Assoc. Prof. Roee Amit
Synthetic biology-based platform for developing room-temperature stable antiviral nanoparticles
The venture leverages the expertise of Assoc. Prof. Roee Amit in synthetic biology, single-molecule biophysics, and regulatory genomics to develop next-generation molecular tools for precise cellular analysis and manipulation. Its commercial objective is to translate large-scale synthetic oligonucleotide libraries and single-cell methodologies into scalable platforms for biotechnology, drug discovery, and personalized medicine. By combining high-throughput synthetic enhancer design with advanced single-molecule and single-cell analysis, the technology enables accurate mapping and control of gene regulatory networks, providing actionable insights for therapeutic development and synthetic biology applications. Positioned at the intersection of molecular engineering, genomics, and nanotechnology, the initiative aims to deliver commercially viable solutions that accelerate discovery, enhance predictive modeling, and expand the capabilities of precision biotechnology.
Prof. Moris Eisen
PFAS-free highly functional fluoropolymers
The venture builds on Prof. Moris Eisen’s expertise in organometallic chemistry, catalysis, and membrane technologies to develop advanced materials for water treatment, environmental remediation, and biomedical applications. Its commercial objective is to translate innovative hydrophobic-hydrophilic membranes and polymer-based capture systems into scalable solutions that remove pollutants, toxins, and pathogens efficiently and sustainably. By combining fundamental insights in catalysis, polymer design, and material engineering, the technology enables high-performance filtration, purification, and therapeutic platforms, including wearable artificial kidney applications. Positioned at the intersection of chemistry, environmental engineering, and healthcare innovation, the initiative seeks to deliver commercially viable, science-driven solutions that improve water safety, support sustainable practices, and enhance patient care.
Assoc. Prof. Yoav
Shechtman
Biomarkerflow: AI-based simple and fast protein biomarker detection and monitoring
The venture builds on Assoc. Prof.
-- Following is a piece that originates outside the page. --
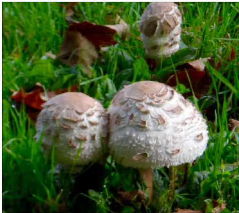
Vroege herfstpaddenstoelen van Elly Brevoort
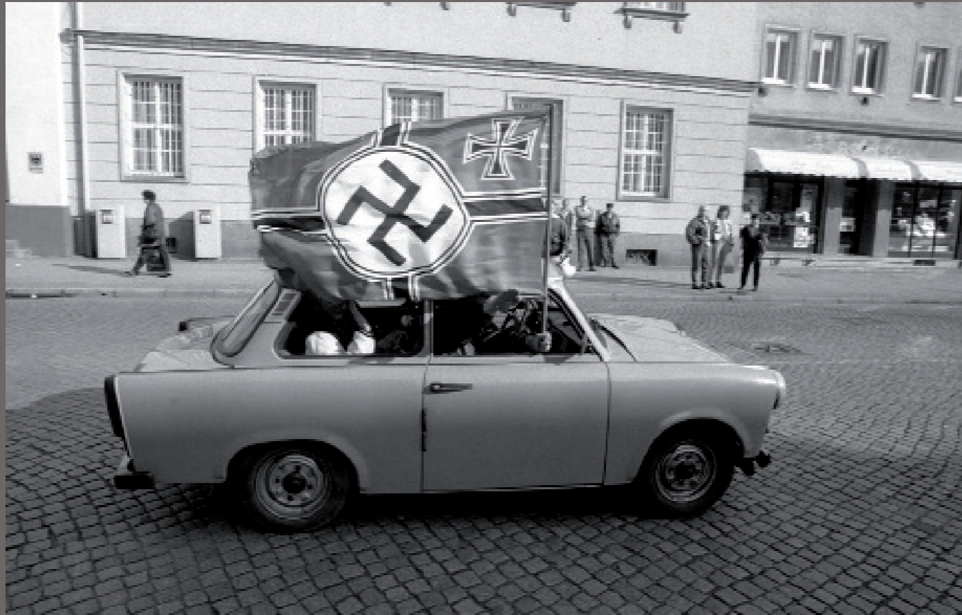
Nach der Wiedervereinigung/ Neubrandenburg

Yoav Shechtman’s expertise in nanoscale optics, super-resolution microscopy, and computational imaging to develop next-generation optical platforms for biomedical and life science applications. Its commercial objective is to translate cutting-edge imaging and signal processing methods into scalable, high-throughput solutions for biomolecular detection, single-particle tracking, and three-dimensional cellular analysis. By combining advanced optical systems with machine learning and computational reconstruction, the technology enables ultra-sensitive, multicolor, and high-resolution imaging under challenging conditions, unlocking insights in basic science and accelerating diagnostics development. Positioned at the intersection of optics, computational imaging, and biotechnology, the initiative seeks to deliver commercially viable tools that enhance research capabilities, improve assay sensitivity, and advance precision medicine.
Prof. Simone Engelender
Optimized decoy peptide therapy for Parkinson's and dementia with Lewy bodies
The venture builds on Professor Simone Engelender’s expertise in neurodegenerative disease and protein homeostasis to develop advanced therapeutic strategies targeting Parkinson’s disease and related a-synucleinopathies. Its objective is to translate discoveries in post-translational regulation, proteasomal degradation, and mitophagy pathways into scalable interventions that reduce a-synuclein aggregation, protect neuronal function, and slow disease progression. By leveraging molecular insights into ubiquitination, SUMOylation, and LRRK2/PINK1 signaling, the initiative aims to design precise, mechanism-based therapies with high clinical relevance. Positioned at the intersection of molecular neuroscience, translational medicine, and neurotherapeutics, the venture seeks to deliver innovative, patient-centered solutions for one of the most pressing challenges in neurodegenerative disease.